Personal information
- Born: February 22, 1956 (age 70) Miami, Florida, U.S.
- Listed height: 6 ft 0 in (1.83 m)
- Listed weight: 197 lb (89 kg)

Career information
- High school: Norland (FL)
- College: Miami (FL)
- NFL draft: 1978: 2nd round, 48th overall pick

Career history
- Minnesota Vikings (1978–1983); San Diego Chargers (1984); Minnesota Vikings (1985–1987);

Career NFL statistics
- Interceptions: 24
- Fumble recoveries: 5
- Touchdowns: 1
- Stats at Pro Football Reference

= John Turner (American football) =

American football player (born 1956)

John Turner (born February 22, 1956) is an American former professional football player who was a cornerback in the National Football League (NFL).

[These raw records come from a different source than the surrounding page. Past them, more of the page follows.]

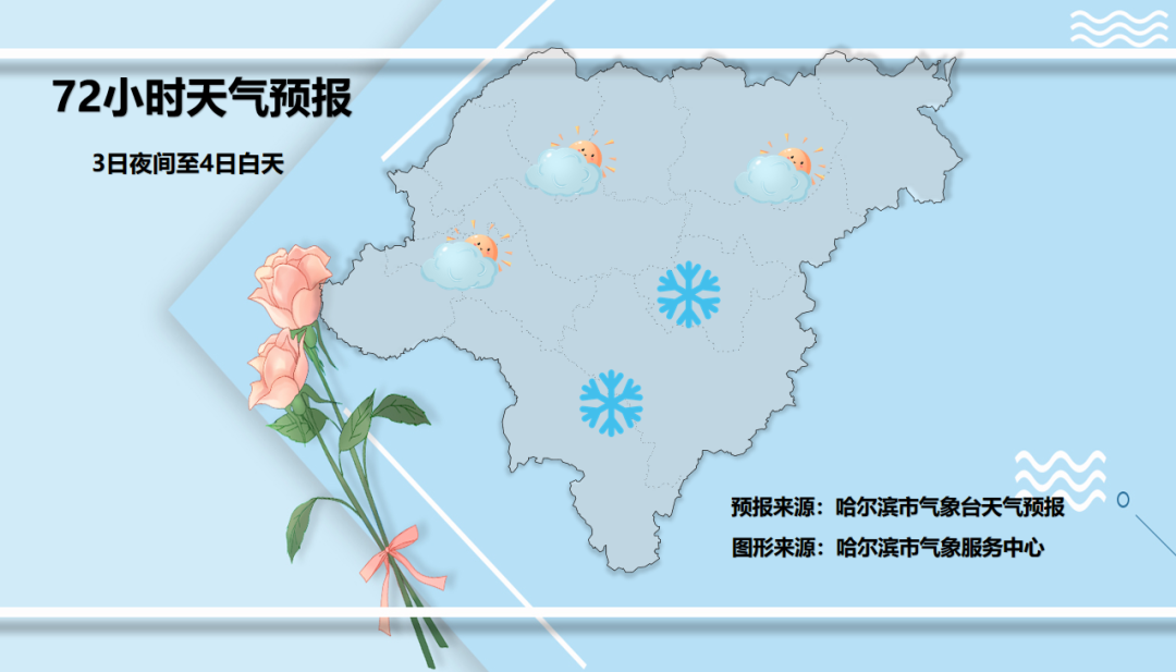 3日夜間至4日白天:全市晴轉多云,其中4日白天方正、延壽、尚志、五常東部有零星陣雪;西南風2~4級;最低氣溫木蘭、通河-25~-23℃,其他區域-22~-19℃,最高氣溫-12~-11℃。
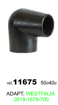 El producto CODO GOMA CORTO 50-40mm ADAPT. WESTFALIA se encuentra en el catálogo en la página 117 con el número 11675. Agromoise le agradece y le ofrece los productos de la más alta calidad.
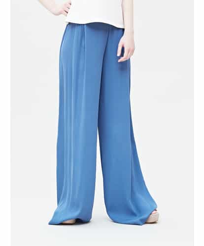 ドレープ感が美しいシルエットのパンツ。素材にシルクが入っていることで絶妙な光沢感が生まれ、静謐で繊細な印象に。ウエストラインまですっきりと見えるつくりはシビラのこだわりが詰まった美しい1点です。model:H170 B80 W58 H81
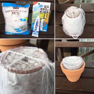 夏対策2重鉢作り(6)内鉢・外鉢を合体。 1:シリコン充填剤と100均の三角コーナーネットを用意。 2:内鉢にネットを2重に被せて、 3:内鉢底のフチにシリコン充填剤を盛り、 4:外鉢にグイッと入れて出来上がり!
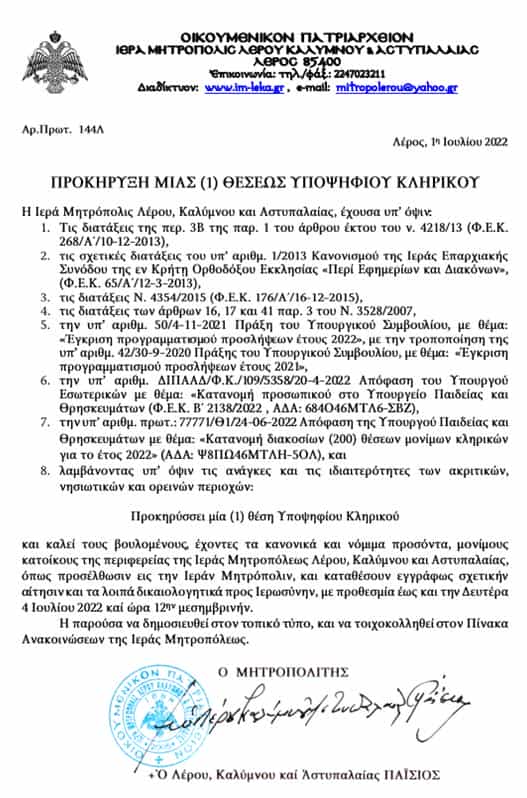 Προκήρυξη μίας θέσης κληρικού από την Ιερά Μητρόπολη Λέρου,Καλύμνου και Αστυπαλαίας

Turner played college football for the Miami Hurricanes, starting at cornerback. He played ten seasons in the NFL, nine of those with the Minnesota Vikings. In 1997, Turner was hired to coach the expansion St. Paul Sting, a semi-pro American Football team in the Mid-America Football League (MFL). In the team's first and only season, Turner led the Sting to the MFL Championship Game, played at the Hubert H. Humphrey Metrodome in Minneapolis, Minnesota. The St. Paul Sting fell to the Minneapolis Lumberjacks in that Championship Game. The Lumberjacks were coached by former St. John's University standout Todd Fultz. Turner played high school football at Miami Norland where the school mascot, like his professional years with Minnesota, was the Vikings.

Turner currently works as an administrative assistant at Park Center Senior High School in Brooklyn Park, Minnesota.